Wir lassen die Geschichte von Zeitzeugen und Beteiligten aus Deutschland, den USA und UK erzählen. Die Geschichte ist eine internationale und so erzählen wir sie auch, natürlich mit starkem Deutschland-Bezug. Über Archiv und Footage nehmen wir die Zuschauenden mit um die Welt und durch mehrere Jahrzehnte Vice-Geschichte. Die verschiedenen Ambivalenzen, z.B. die Vermischung von Journalismus und Werbung oder die Fluchtbegleitung eines mutmaßlichen Mörders erzählen wir in der Chronologie der Ereignisse.

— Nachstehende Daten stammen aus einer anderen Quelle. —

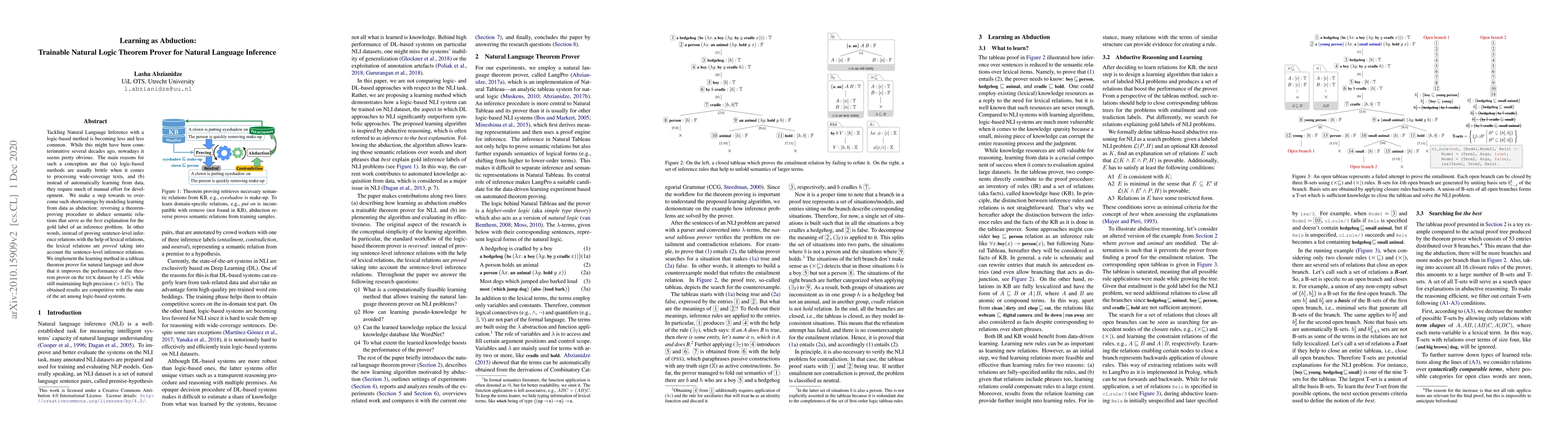 Tackling Natural Language Inference with a logic-based method is becoming less and less common. While this might have been counterintuitive several decades ago, nowadays it seems pretty obvious. The main reasons for such a conception are that (a) logic-based methods are usually brittle when it comes to processing wide-coverage texts, and (b) instead of automatically learning from data, they require much of manual effort for development. We make a step towards to overcome such shortcomings by modeling learning from data as abduction: reversing a theorem-proving procedure to abduce semantic relations that serve as the best explanation for the gold label of an inference problem. In other words, instead of proving sentence-level inference relations with the help of lexical relations, the lexical relations are proved taking into account the sentence-level inference relations. We implement the learning method in a tableau theorem prover for natural language and show that it improves the performance of the theorem prover on the SICK dataset by 1.4% while still maintaining high precision (>94%). The obtained results are competitive with the state of the art among logic-based systems.

Die Vice-Story führt die Zuschauer von Berlin bis nach Nordkorea, Belize und die Ukraine. Wie schwierig war die internationale Zusammenarbeit, um diese komplexe Geschichte visuell und inhaltlich zusammenzuführen?
Es wurde in den USA, in Deutschland und in UK gedreht, alle weiteren Schauplätze sind über Archivmaterial erlebbar. Wir sind sehr froh, dass wir spannende ProtagonistInnen gefunden haben, die die Geschichten in Belize, Nordkorea, der Ukraine etc. erlebt haben und wir dadurch eine ganz andere Nähe zu den Geschehnissen bekommen.

Vice galt als Sprungbrett für Nachwuchsjournalisten. Welche Lehren können junge Medienschaffende heute aus dem Erfolg und dem Scheitern von Vice ziehen?
Im positiven Sinne bleiben sicher Innovationsgeist, Spontaneität und die Beschäftigung mit ungewöhnlicheren Themen hängen. Die Lehren aus dem Scheitern sind sicher vielschichtig, das sollte jede (medienschaffende) Person nach dem Anschauen der Vice-Story für sich beantworten.

Der Vice-Mitgründer Gavin McInnes wird ebenfalls thematisiert – eine kontroverse Persönlichkeit, die später die Proud Boys gründete. Wie schwierig war es, ihn und seine polarisierende Geschichte in die Doku einzubinden?
Die Einbindung von Gavin McInnes war eine besondere Aufgabe. Er ist als Mitgründer von Vice ein extrem spannender Zeitzeuge, der gerade die frühen Jahre von Vice im Kern mitbekommen und das Phänomen auch nach seinem Ausscheiden sehr genau beobachtet hat. Zum anderen ist er eine extrem ambivalente und problematische Persönlichkeit, weshalb wir ihn dringend einordnen mussten. Die Proud Boys haben mit Vice nichts zu tun, aber da Gavin ein wichtiger Teil der Geschichte ist, mussten wir an der Stelle auch seinen Strang noch weitererzählen.

Vielen Dank für Ihre Zeit!

«Die VICE-Story - Gosse. Gonzo. Größenwahn.» ist in der ARD Mediathek abrufbar.